### Source data

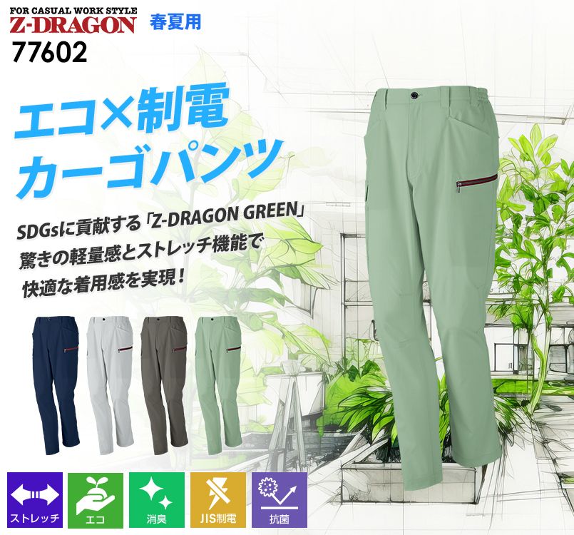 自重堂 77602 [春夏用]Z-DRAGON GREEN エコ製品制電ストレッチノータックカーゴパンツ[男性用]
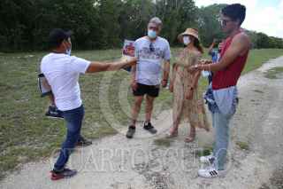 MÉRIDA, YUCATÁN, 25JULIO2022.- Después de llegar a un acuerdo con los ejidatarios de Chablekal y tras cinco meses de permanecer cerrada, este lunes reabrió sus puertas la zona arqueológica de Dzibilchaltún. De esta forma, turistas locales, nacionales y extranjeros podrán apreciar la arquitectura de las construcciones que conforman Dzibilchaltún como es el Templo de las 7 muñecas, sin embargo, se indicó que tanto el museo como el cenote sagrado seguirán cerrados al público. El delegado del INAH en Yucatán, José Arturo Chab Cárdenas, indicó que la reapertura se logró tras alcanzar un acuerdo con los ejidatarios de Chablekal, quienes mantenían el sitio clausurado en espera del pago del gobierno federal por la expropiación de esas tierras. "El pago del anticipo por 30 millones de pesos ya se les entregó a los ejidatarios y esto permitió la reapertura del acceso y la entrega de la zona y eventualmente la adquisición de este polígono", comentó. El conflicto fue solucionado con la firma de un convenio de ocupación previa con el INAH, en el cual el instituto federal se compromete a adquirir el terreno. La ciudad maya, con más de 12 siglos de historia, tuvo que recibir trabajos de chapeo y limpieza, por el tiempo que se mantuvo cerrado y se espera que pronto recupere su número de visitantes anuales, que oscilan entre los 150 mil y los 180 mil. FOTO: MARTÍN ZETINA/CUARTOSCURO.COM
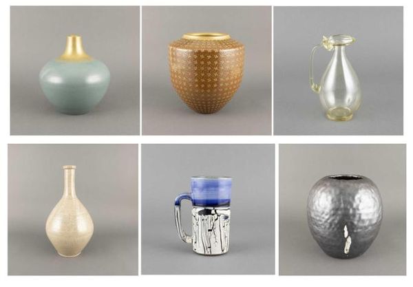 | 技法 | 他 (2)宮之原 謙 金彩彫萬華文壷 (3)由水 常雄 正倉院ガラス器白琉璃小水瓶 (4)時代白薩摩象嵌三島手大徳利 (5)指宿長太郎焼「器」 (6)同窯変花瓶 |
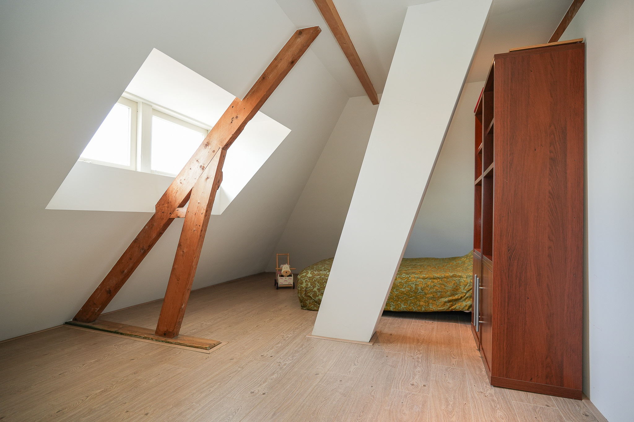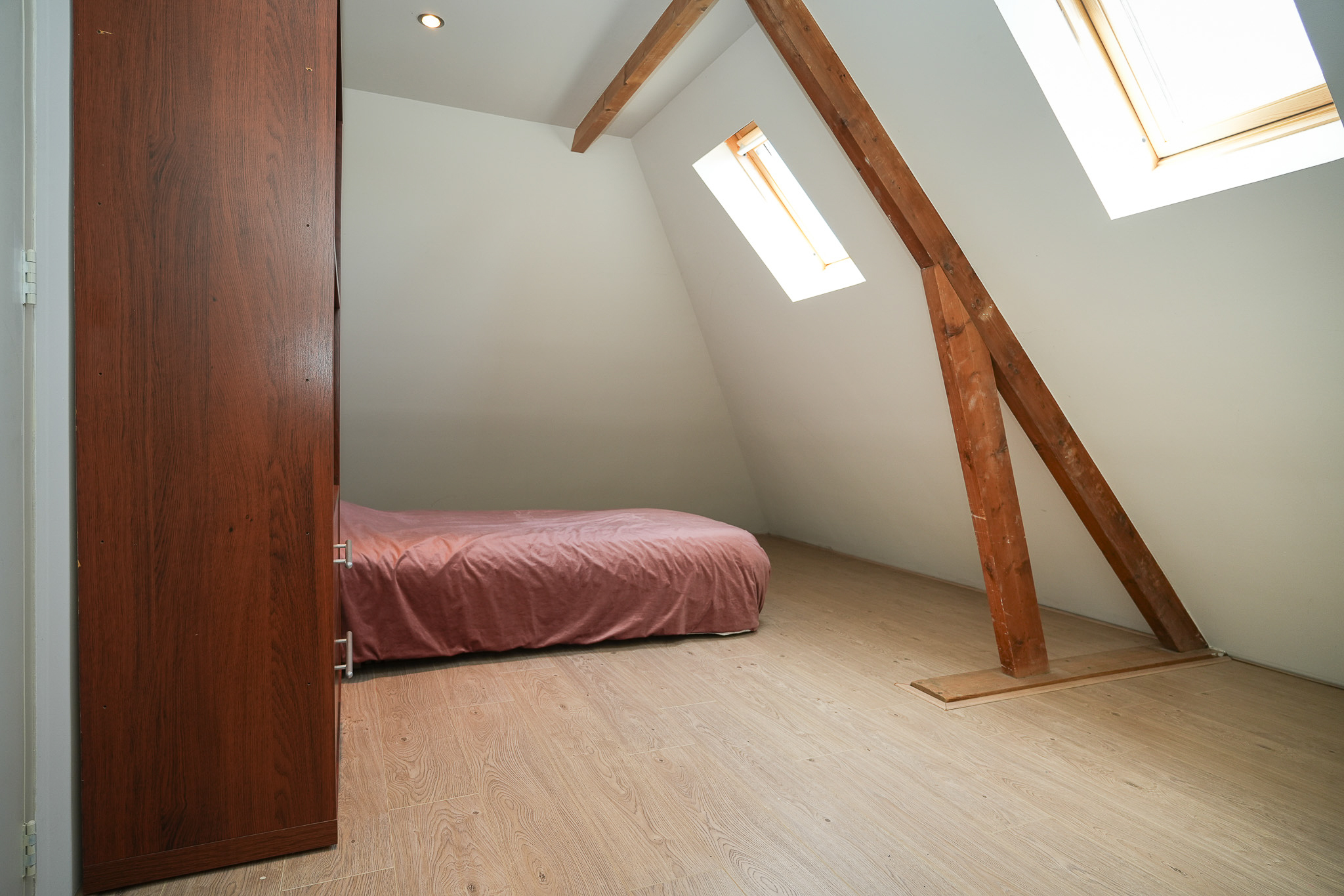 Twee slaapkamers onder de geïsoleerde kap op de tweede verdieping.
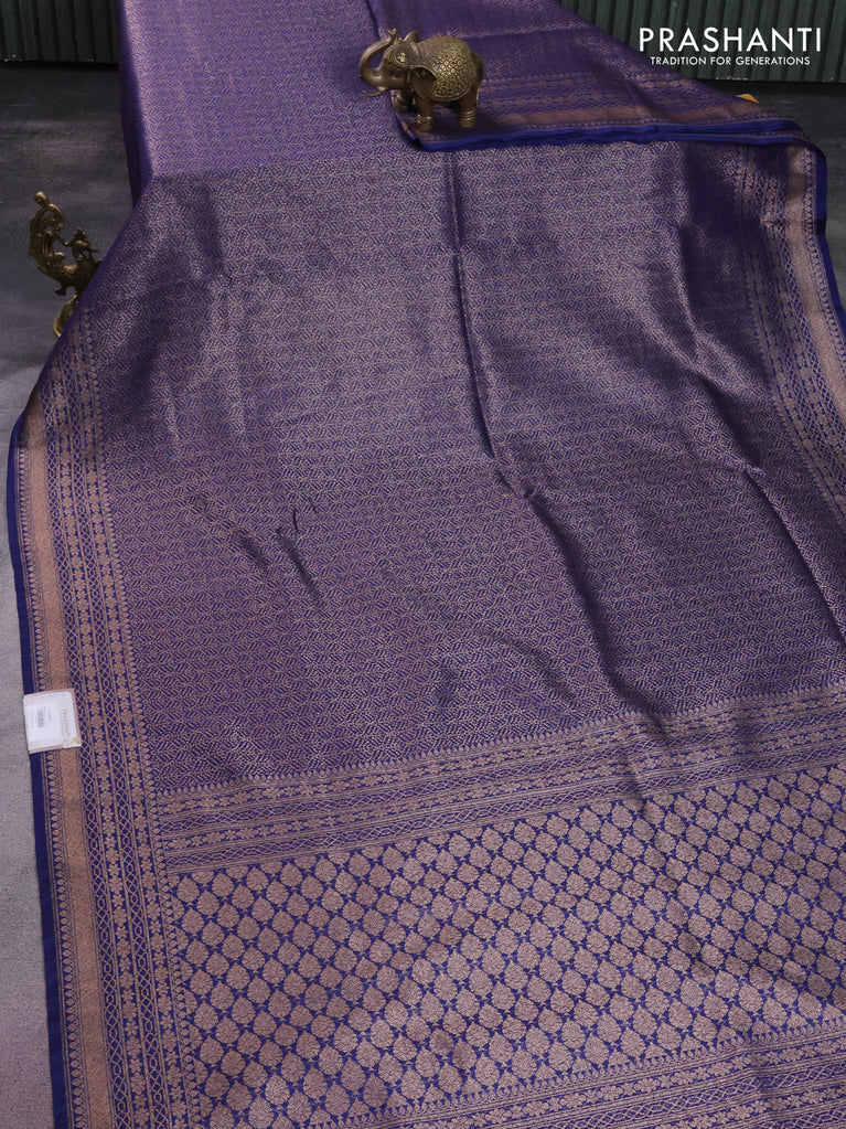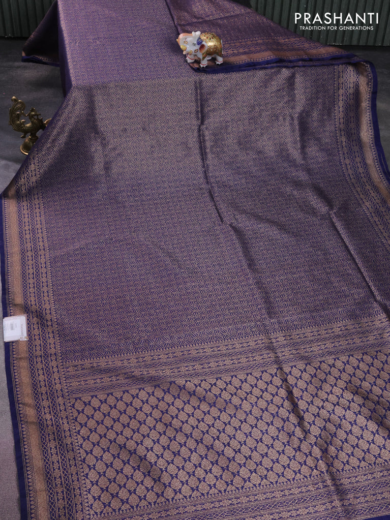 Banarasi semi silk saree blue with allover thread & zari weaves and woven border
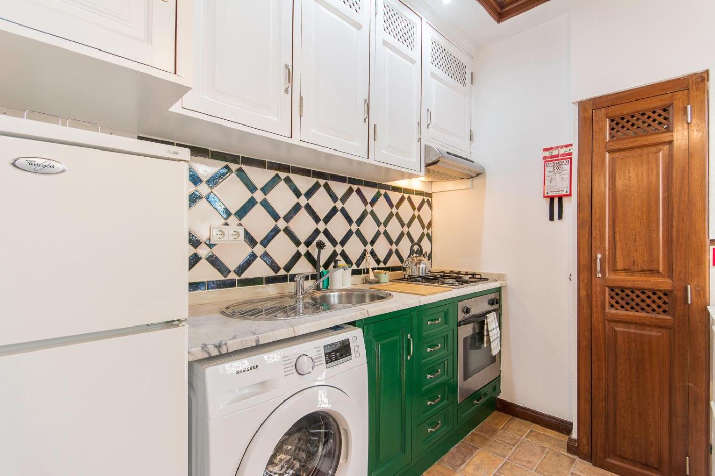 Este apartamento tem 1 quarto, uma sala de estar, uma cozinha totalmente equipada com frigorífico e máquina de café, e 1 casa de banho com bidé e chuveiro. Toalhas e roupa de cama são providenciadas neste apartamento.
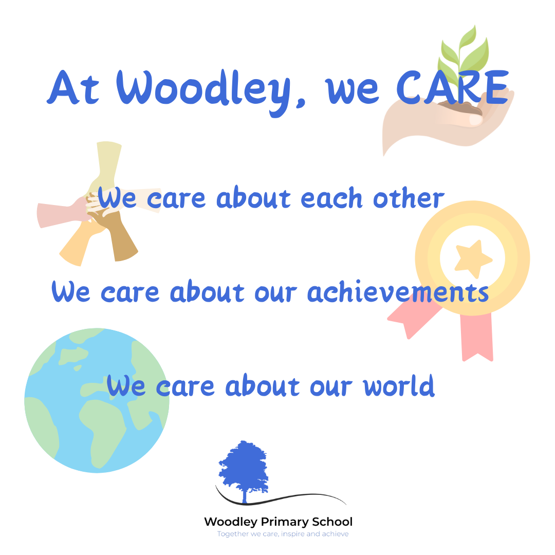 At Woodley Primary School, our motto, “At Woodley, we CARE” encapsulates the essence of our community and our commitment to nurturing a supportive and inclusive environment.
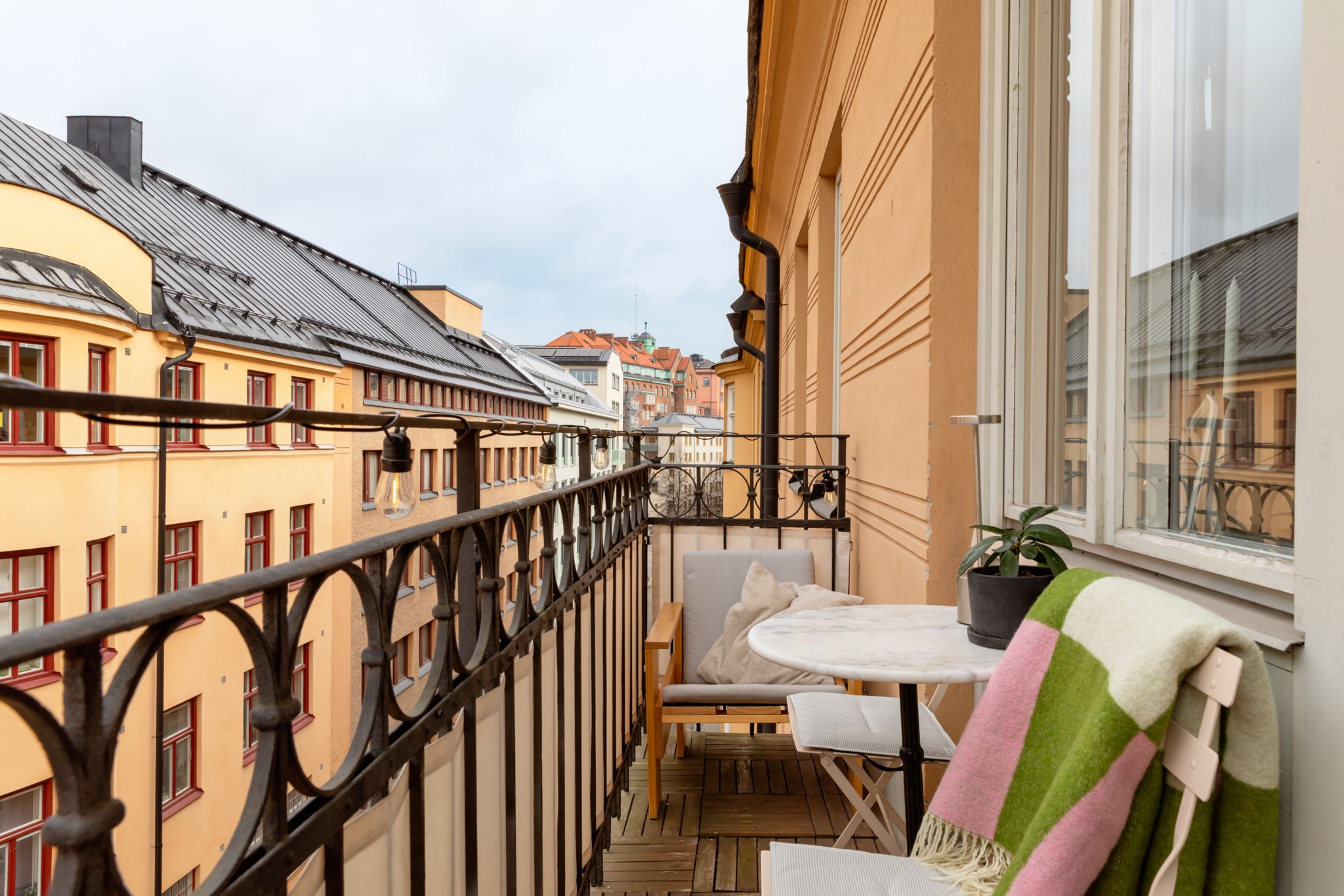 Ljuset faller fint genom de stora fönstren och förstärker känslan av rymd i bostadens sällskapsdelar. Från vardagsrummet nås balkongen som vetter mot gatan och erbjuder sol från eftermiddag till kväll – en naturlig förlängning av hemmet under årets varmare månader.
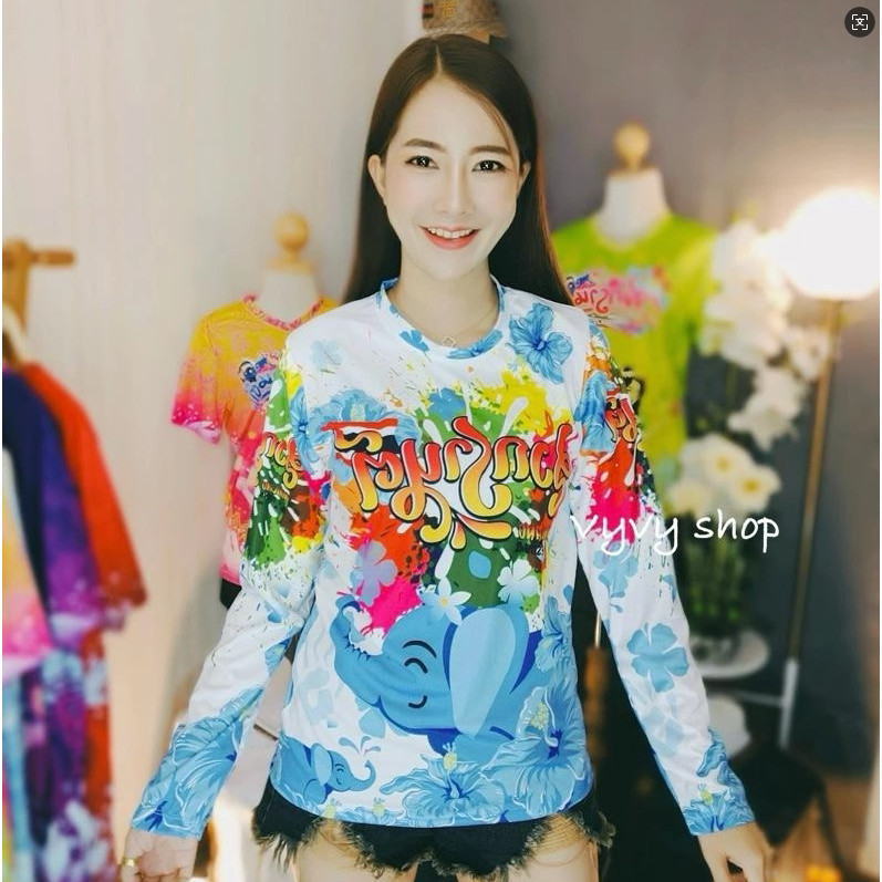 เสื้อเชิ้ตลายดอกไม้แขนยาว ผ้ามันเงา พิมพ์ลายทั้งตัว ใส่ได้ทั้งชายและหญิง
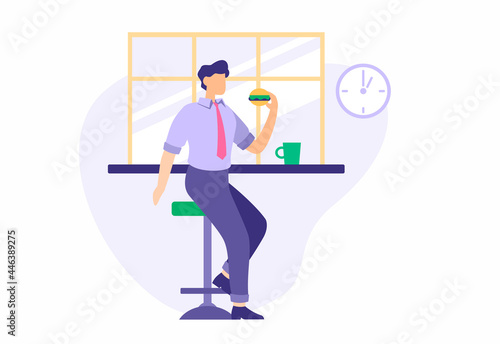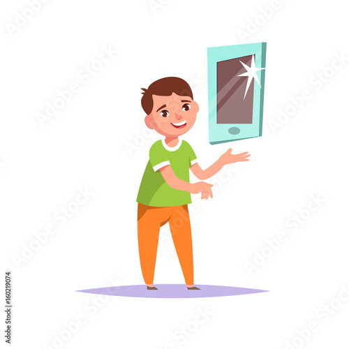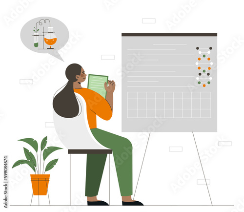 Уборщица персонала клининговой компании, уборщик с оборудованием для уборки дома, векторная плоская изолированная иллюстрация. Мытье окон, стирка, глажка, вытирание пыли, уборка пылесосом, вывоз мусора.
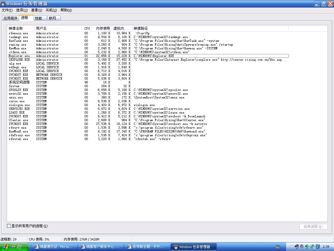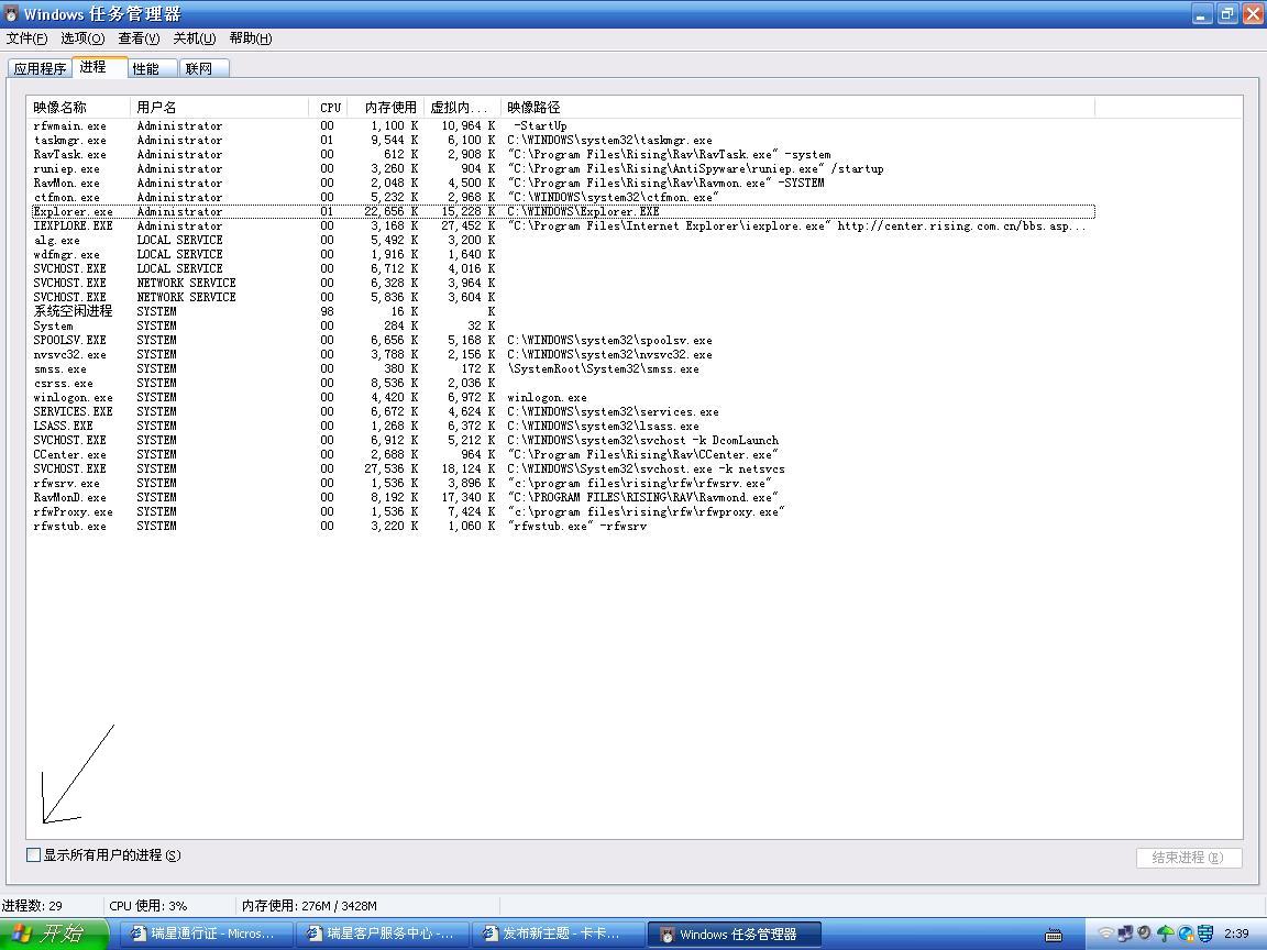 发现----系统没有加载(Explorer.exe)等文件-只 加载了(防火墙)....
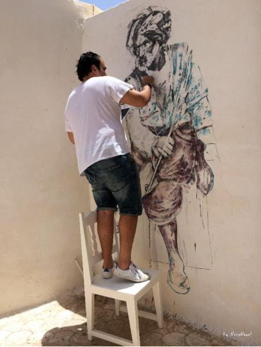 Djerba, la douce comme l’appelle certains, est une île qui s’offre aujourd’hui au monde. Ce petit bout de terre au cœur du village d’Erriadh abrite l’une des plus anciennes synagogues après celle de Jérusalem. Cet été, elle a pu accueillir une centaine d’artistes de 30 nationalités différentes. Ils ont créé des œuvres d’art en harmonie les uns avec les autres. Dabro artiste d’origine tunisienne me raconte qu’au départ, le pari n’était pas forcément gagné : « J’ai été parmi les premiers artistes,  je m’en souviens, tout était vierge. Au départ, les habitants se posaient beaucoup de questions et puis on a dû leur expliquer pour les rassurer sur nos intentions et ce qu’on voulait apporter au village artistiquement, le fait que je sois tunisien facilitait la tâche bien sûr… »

### What to produce
From the opening line of the entries above to the line that holds "Banarasi semi silk", inclusive, reproduce each line exactly and omit any picture.

### Result for this exercise
 自重堂 77602 [春夏用]Z-DRAGON GREEN エコ製品制電ストレッチノータックカーゴパンツ[男性用]
 MÉRIDA, YUCATÁN, 25JULIO2022.- Después de llegar a un acuerdo con los ejidatarios de Chablekal y tras cinco meses de permanecer cerrada, este lunes reabrió sus puertas la zona arqueológica de Dzibilchaltún. De esta forma, turistas locales, nacionales y extranjeros podrán apreciar la arquitectura de las construcciones que conforman Dzibilchaltún como es el Templo de las 7 muñecas, sin embargo, se indicó que tanto el museo como el cenote sagrado seguirán cerrados al público. El delegado del INAH en Yucatán, José Arturo Chab Cárdenas, indicó que la reapertura se logró tras alcanzar un acuerdo con los ejidatarios de Chablekal, quienes mantenían el sitio clausurado en espera del pago del gobierno federal por la expropiación de esas tierras. "El pago del anticipo por 30 millones de pesos ya se les entregó a los ejidatarios y esto permitió la reapertura del acceso y la entrega de la zona y eventualmente la adquisición de este polígono", comentó. El conflicto fue solucionado con la firma de un convenio de ocupación previa con el INAH, en el cual el instituto federal se compromete a adquirir el terreno. La ciudad maya, con más de 12 siglos de historia, tuvo que recibir trabajos de chapeo y limpieza, por el tiempo que se mantuvo cerrado y se espera que pronto recupere su número de visitantes anuales, que oscilan entre los 150 mil y los 180 mil. FOTO: MARTÍN ZETINA/CUARTOSCURO.COM
 | 技法 | 他 (2)宮之原 謙 金彩彫萬華文壷 (3)由水 常雄 正倉院ガラス器白琉璃小水瓶 (4)時代白薩摩象嵌三島手大徳利 (5)指宿長太郎焼「器」 (6)同窯変花瓶 |
 Twee slaapkamers onder de geïsoleerde kap op de tweede verdieping.
 Banarasi semi silk saree blue with allover thread & zari weaves and woven border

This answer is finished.